= Fatima Movement of Priests =

Roman Catholic movement

The Fátima Movement of Priests is a Roman Catholic movement organized by priests who follow the Marian devotion to Our Lady of Fátima, and was founded under the auspices of the Fatima Center.

==History==
===Fatima Center===
The Fatima Center was founded in 1978 by the Roman Catholic priest Father Nicholas Gruner.

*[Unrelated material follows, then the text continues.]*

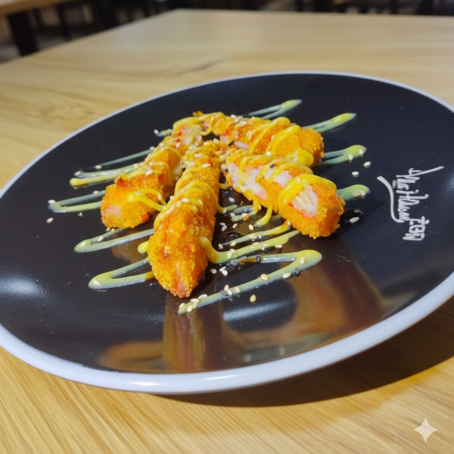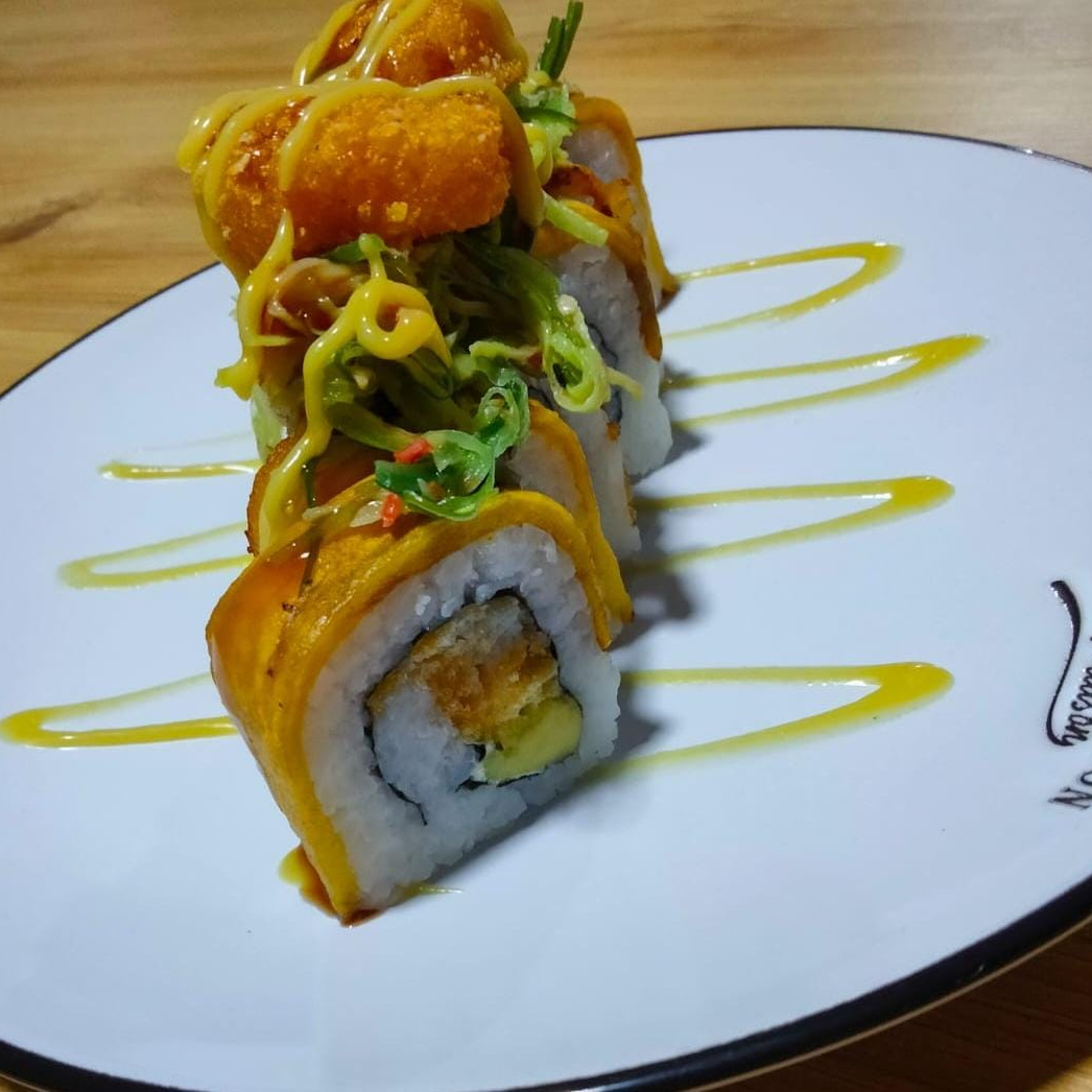 Sushi apanado acompañado de camarón, palmito, aguacate, queso crema, salsa de la casa.

It is a self-described "grass roots association of Catholic priests and lay people whose mission is to make known the full Message of Our Lady of Fatima, and promote devotion to the Immaculate Heart of Mary".

===Fátima Movement of Priests===
The movement was founded following a series of meetings among priests at three international Fátima Peace Congresses held by the Fátima Center: Tuy, Spain, and Fátima, Portugal, in October 2006; São Paulo, Brazil, in July 2007; and Madras, India, in late January, early February 2008.

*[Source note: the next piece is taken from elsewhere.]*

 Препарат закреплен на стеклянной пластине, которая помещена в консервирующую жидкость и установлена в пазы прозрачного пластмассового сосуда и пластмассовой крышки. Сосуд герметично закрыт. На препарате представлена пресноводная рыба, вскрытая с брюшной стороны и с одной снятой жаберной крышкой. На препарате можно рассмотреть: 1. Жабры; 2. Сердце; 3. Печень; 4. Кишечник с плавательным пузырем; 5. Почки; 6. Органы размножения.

The organization's stated focus is to implement the messages of Our Lady of Fátima to affect people's lives, parishes and dioceses. It is also a loose confederation of Catholic priests and bishops the world over who have resolved to make the Fátima Message more central in their own priestly lives and in their work.

The group's parent organization is the Fatima Center, founded by the Canadian priest Father Nicholas Gruner.